This setup effectively leverages the strengths of both the retriever and the LLM, providing a powerful solution for generating detailed and context-aware responses.

In [None]:
from langchain.chains import create_retrieval_chain

retriever = vector.as_retriever()
retrieval_chain = create_retrieval_chain(retriever, document_chain)

### Invoking the Retrieval Chain

Invoke the retrieval chain to answer the question based on the context from the retrieved documents.


In [None]:
response = retrieval_chain.invoke({"input": "how can langsmith help with testing?"})
print(response["answer"])

# LangSmith offers several features that can help with testing:...
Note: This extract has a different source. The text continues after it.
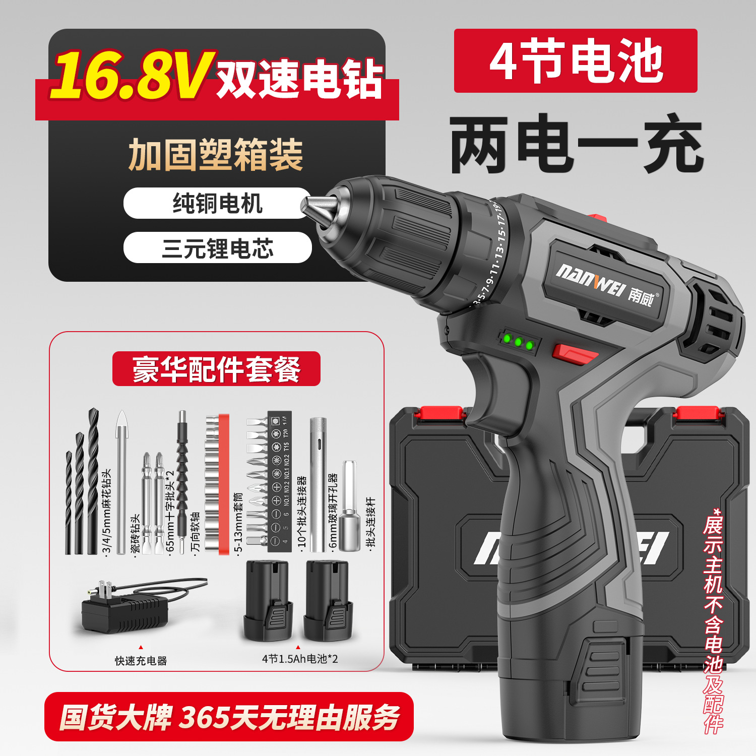 • 모델 D - 브러시 2단 전기 드릴 16.8V [배터리 1개, 충전 1개] + 무료 액세서리(긴)

## History-Aware Retriever

Use history-aware retrieval to incorporate conversation history into the context for more accurate and relevant responses.


In [None]:
from langchain.chains import create_history_aware_retriever
from langchain_core.prompts import MessagesPlaceholder

# First we need a prompt that we can pass into an LLM to generate this search query

prompt = ChatPromptTemplate.from_messages([
    MessagesPlaceholder(variable_name="chat_history"),
    ("user", "{input}"),
    ("user", "Given the above conversation, generate a search query to look up to get information relevant to the conversation")
])
retriever_chain = create_history_aware_retriever(llm, retriever, prompt)

In [None]:
from langchain_core.messages import HumanMessage, AIMessage

chat_history = [HumanMessage(content="Can LangSmith help test my LLM applications?"), AIMessage(content="Yes!")]
retriever_chain.invoke({
    "chat_history": chat_history,
    "input": "Tell me how"
})

### Combining History and Context

Combine the chat history and document context to generate more relevant responses.


In [None]:
prompt = ChatPromptTemplate.from_messages([
    ("system", "Answer the user's questions based on the below context:\n\n{context}"),
    MessagesPlaceholder(variable_name="chat_history"),
    ("user", "{input}"),
])
document_chain = create_stuff_documents_chain(llm, prompt)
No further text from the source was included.